Closed tlienart closed 3 years ago
be able to ignore the conversion of indented blocks
The spec does bake-in a little bit with regards to indentation as far as I know, but on trying to disable indented code it doesn't appear to break much. So might be possible to achieve that fairly easily.
julia> p = CommonMark.Parser();
julia> text =
"""
indented
"""
" indented\n"
julia> ast = CommonMark.parse(p, text)
Node(CommonMark.Document)
julia> CommonMark.ast_dump(ast)
Document
CodeBlock
"indented\n"
julia> pop!(p.block_starts)
indented_code_block (generic function with 1 method)
julia> ast = CommonMark.parse(p, text)
Node(CommonMark.Document)
julia> CommonMark.ast_dump(ast)
Document
Paragraph
Text
"indented"
Whether disabling it causes odd behaviour elsewhere I couldn't say for certain just yet. Would be worth trying out though.
I would absolutely love to get rid of indented code blocks completely from the syntax, but alas that's never going to be a realistic goal, it makes parsing quite a bit more complex than it needs to be. https://johnmacfarlane.net/beyond-markdown.html was good reading while putting this package together.
(minor thing)
{{...}}
are converted by the Markdown module into html entities
Those aren't converted. I thought for a moment that I might have implemented that wrong, but babelmark doesn't either if I'm not mistaken.
If those are the things you'd need to get going then you might have some success, hopefully!
Thanks for the code, awesome I look forward to trying this out over the weekend :)
Sorry for briefly re-opening this, the trick you suggested does not work anymore but this:
CommonMark.indented_code_block(::CommonMark.Parser, ::CommonMark.Node) = 0
seems to work fine. It preserves base markdown formatting that happens in the indentation for instance:
julia> p = CommonMark.Parser();
julia> t = """
ab **and**
cd
ef **gh**
foo `bb`
bar
end"""
"ab **and**\n\n cd\n ef **gh**\n foo `bb`\n bar\n\nend"
julia> CommonMark.ast_dump(p(t))
Document
Paragraph
Text
"ab "
Strong
Text
"and"
Paragraph
Text
"cd"
SoftBreak
""
Text
"ef "
Strong
Text
"gh"
SoftBreak
""
Text
"foo "
Code
"bb"
SoftBreak
""
Text
"bar"
Paragraph
Text
"end"
apart from the fact that it's a dirty trick, do you see anything that could go terribly wrong from the CommonMark.jl perspective if I use this? thanks!
Couldn't say with any certainty whether that will do anything terribly bad, worth trying it out, though parsing CM can be pretty weird at times.

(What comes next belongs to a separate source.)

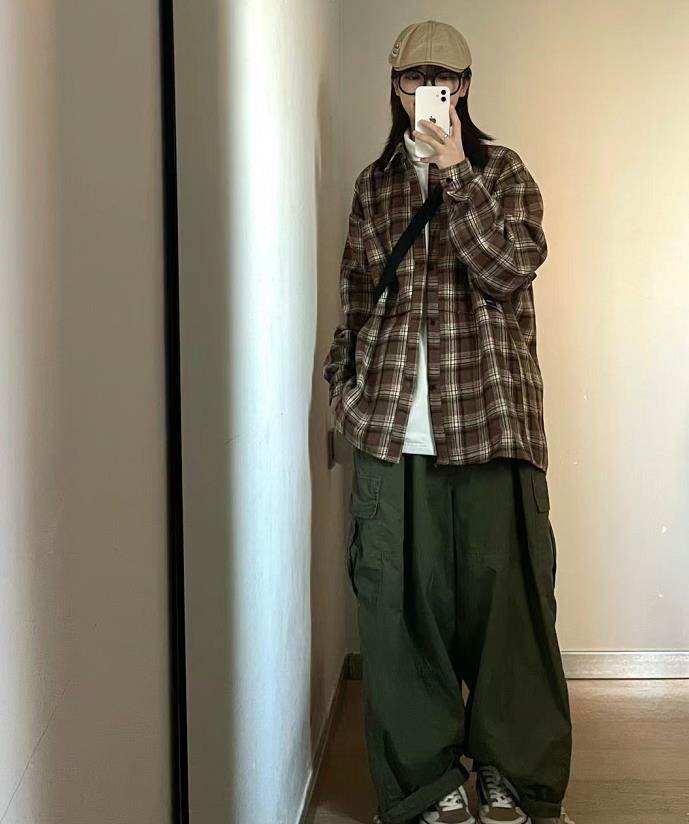 該怎麼形容這種感覺呢?美拉德色系的格子襯衫,寬松的版型下,不僅能帶給你一種舒適自在感,還很休閑。

You can avoid the type piracy on that method (I assume you're redefining it within the REPL (and Franklin)? by doing something like the following:
struct SkipIndented end
block_rule(::SkipIndented) = Rule((p, c) -> 0, 8, "")
julia> p = enable!(disable!(Parser(), IndentedCodeBlockRule()), SkipIndented())
Parser(Node(CommonMark.Document))
This swaps out the indented block parser with your definition without the piracy. (I was surprised that it didn't actually break anything at all.)
julia> CommonMark.ast_dump(p(t))
Document
Paragraph
Text
"ab "
Strong
Text
"and"
Paragraph
Text
"cd"
SoftBreak
""
Text
"ef "
Strong
Text
"gh"
SoftBreak
""
Text
"foo "
Code
"bb"
SoftBreak
""
Text
"bar"
Paragraph
Text
"end"
This needs a tiny patch to CM, since there's a bug in disable!
that this uncovered (which I'll push tomorrow):
diff --git a/src/parsers/rules.jl b/src/parsers/rules.jl
index a20a582..2626c3e 100644
--- a/src/parsers/rules.jl
+++ b/src/parsers/rules.jl
@@ -50,7 +50,7 @@ function disable!(p::AbstractParser, rules::Union{Tuple, Vector})
empty!(p.inline_parser.inline_parsers)
empty!(p.inline_parser.modifiers)
filter!(f -> f ∉ rules, p.rules)
- return enable!(p, p.rules)
+ return enable!(p, copy(p.rules))
end
disable!(p::AbstractParser, rule) = disable!(p, [rule])
Cool thank you! I'll use your trick
That fix with be tagged shortly: https://github.com/MichaelHatherly/CommonMark.jl/commit/438032d3f338166978e623f865aabb6d1127be9f.
I'll note here that I'd regard what I used to make that trick work can be regarded as public interface and won't be disappearing at random. The previous trick with push!
was definitely "doing bad things".
Hello Michael,
I'm interested in slowly moving over to CommonMark.jl as it's likely to solve a bunch of sneaky issues in Franklin. You mentioned on Discourse you'd be happy to discuss inclusion of extensions that would be relevant to franklin (thanks!). At a high level the parsing works as follows:
The resolution of "plain text" blocks is passed to Julia's Markdown for things like links, lists, ... other blocks that are processed first by Franklin include "command blocks", "div blocks", math blocks, code blocks etc. I don't think it would make a lot of sense to use CommonMark.jl for those yet.
The first obvious step is to use CommonMark.jl for the "level 0" instead of Julia's Markdown. I had already looked into using GithubMarkdown.jl (which wraps around pandoc) for this but there is one key thing I must be able to do: be able to ignore the conversion of indented blocks. (I want users to be able to use indentation for other stuff like making their div blocks clearer). Currently I capture the result of
Markdown.parse
, and hack them back into a paragraph block so that they're not converted. How could I do something like it in with CommonMark.jl?The key small function is https://github.com/tlienart/Franklin.jl/blob/772dde56872b8834bf52ec73c05b4760a1844ddb/src/converter/markdown/utils.jl#L9-L30
which, at a high level, takes the level 0 stuff ("plain markdown") and converts it to HTML. Note that there are two tricks:
{{...}}
are converted by the Markdown module into html entities, I don't want that to happen, is that something that would happen with CommonMark.jl ?Assuming I could do both of these things easily with CommonMark.jl, it should be mostly straightforward to make Franklin use it (and I'd be very happy about it, finally proper lists etc...!)
Thanks and apologies for the long winded message